The totality of the circumstances is to be taken into account in determining whether the detaining officer has a particularized and objective basis for suspecting the particular person stopped of criminal activity. Notably, “[w]hen hearsay information is supplied by an identified interested citizen, the citizen's credibility is not as suspect and the analysis is not as stringent as when information is given by an anonymous tipster; a law-abiding concerned citizen has a built-in credibility and is deemed to be reliable.”

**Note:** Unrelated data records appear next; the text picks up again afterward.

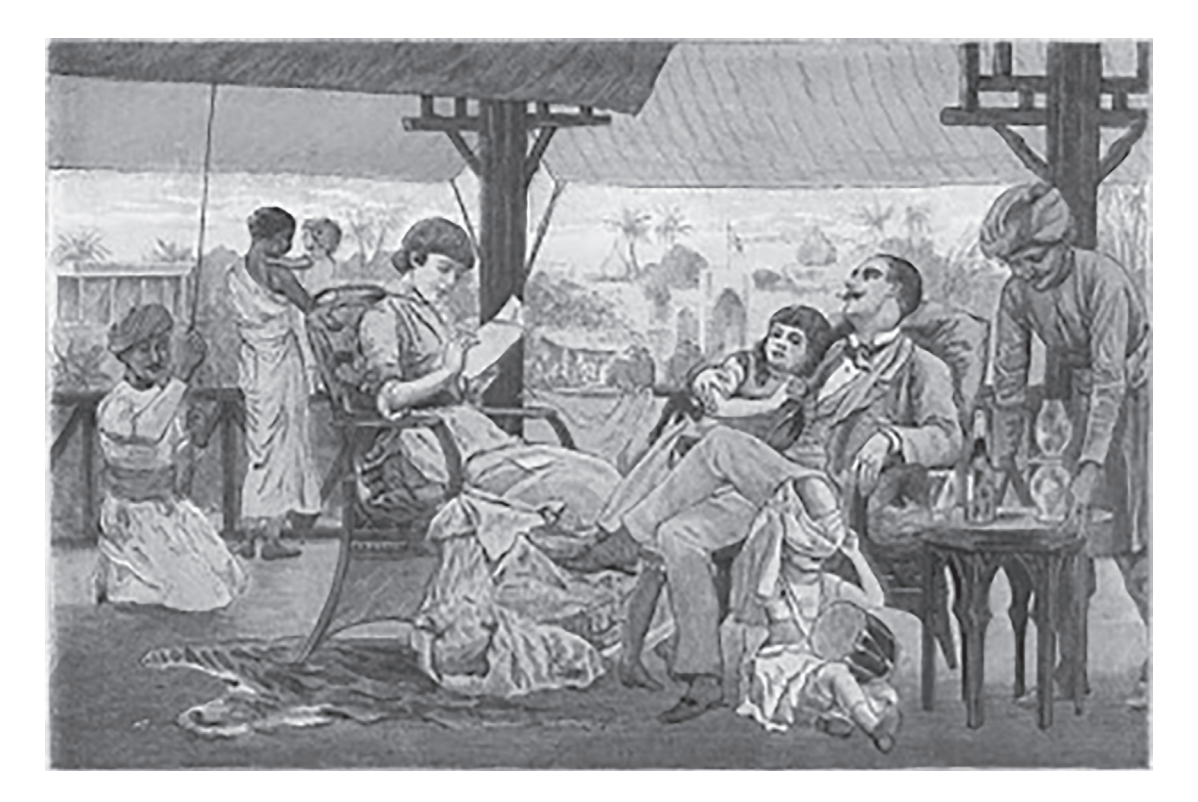
CHRISTMAS IN INDIA

A drawing of a British family living in India, published in a British magazine, 1881.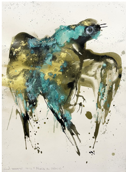
PHOENIX DU 22 OCTOBRE, 2021

Solution based on oxidized iron and bronze on arches paper 80 x 60 cm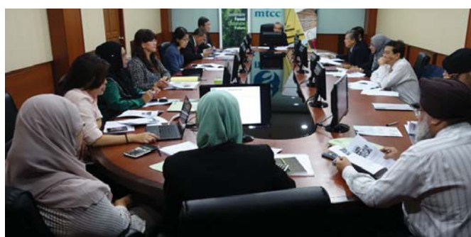
Photo: MTCC AGM in progress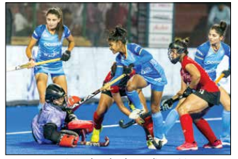
Beautyy Dung in a goalmouth melee as India won 3-0

boy, decides to join forces with three days of training, then it would be a different story. Mohammed Shami, who has bowled more than 43.2 overs, took seven wickets and scored 37 runs in the Ranji Trophy, is certainly going to join the team before the second Test. AGENCIES

In this case, the information was supplied to the deputy by an identified interested citizen who testified at the suppression hearing and who had the opportunity to observe the truck and its occupants. The citizen gave the deputy specific information about the model and color of the truck, as well as where it was parked and the gender and number of its occupants. The deputy corroborated these details through his personal observations prior to the stop. Thus, the stop was not based upon a “mere hunch, caprice or inclination.” The totality of the circumstances, including the truck's location, the activities of the truck's occupants as observed by the identified interested citizen, and the history of unlawful activity on the property, created a justifiable suspicion concerning the occupants' conduct and warranted a limited investigative detention to determine whether a crime was taking place or had taken place on the premises. Because there existed a reasonable articulable suspicion for a brief, investigatory stop of the vehicle, the trial court did not err in denying the motion to suppress.
See id.; Darden, supra.
See State v. Carter, 240 Ga. 518, 242 S.E.2d 28 (1978) (motion to suppress properly denied where officer saw van leaving rear parking lot of elementary school at 1:30 a.m., a nearby high school had recently been burglarized, and he had heard a police radio alert concerning a similarly-colored van occupied by two men seen cruising a nearby neighborhood in suspicious manner); LeRoux v. State, 300 Ga.App. 310, 312–313, 684 S.E.2d 424 (2009) (affirming denial of motion to suppress based on alleged unjustified stop where officer observed no traffic violations, but defendant was driving through a private golf course at 2:30 a.m., and there had been crimes committed on the golf course after hours); Lacy v. State, 285 Ga.App. 647, 649, 647 S.E.2d 350 (2007) (motion to suppress properly denied where deputy conducted investigatory stop based upon information of a domestic dispute in the subdivision and information that the man involved in the dispute might have been drinking and had just left the house in a red pickup truck; the deputy saw a red pickup truck leaving the subdivision, and there were few other vehicles on the road); Bozeman v. State, 196 Ga.App. 743, 743–744(1), 397 S.E.2d 30 (1990) (officer was authorized to conduct a brief investigative detention to question vehicle's occupants regarding what they were doing in car parked, for no apparent reason, in remote area of motel parking lot in a high-crime area at 4:45 a.m.); Jones v. State, 156 Ga.App. 730, 275 S.E.2d 778 (1980) (officer was justified in stopping vehicle in an uncompleted subdivision in an area with no other outlets, to ascertain occupants' purpose for being in the area and to determine what their actions had been while there, when there had been vandalism in the past and reports of various problems in new subdivisions throughout the county).
See Hudson v. State, 253 Ga.App. 210, 211–212, 558 S.E.2d 420 (2001).
Id. at 212, 558 S.E.2d 420.
Judgment affirmed.
ANDREWS and McFADDEN, JJ., concur.
1. Tate v. State, 264 Ga. 53, 54(1), 440 S.E.2d 646 (1994) (citations, emphasis and punctuation omitted); Arnold v. State, 304 Ga.App. 90, 91(1), 695 S.E.2d 402 (2010).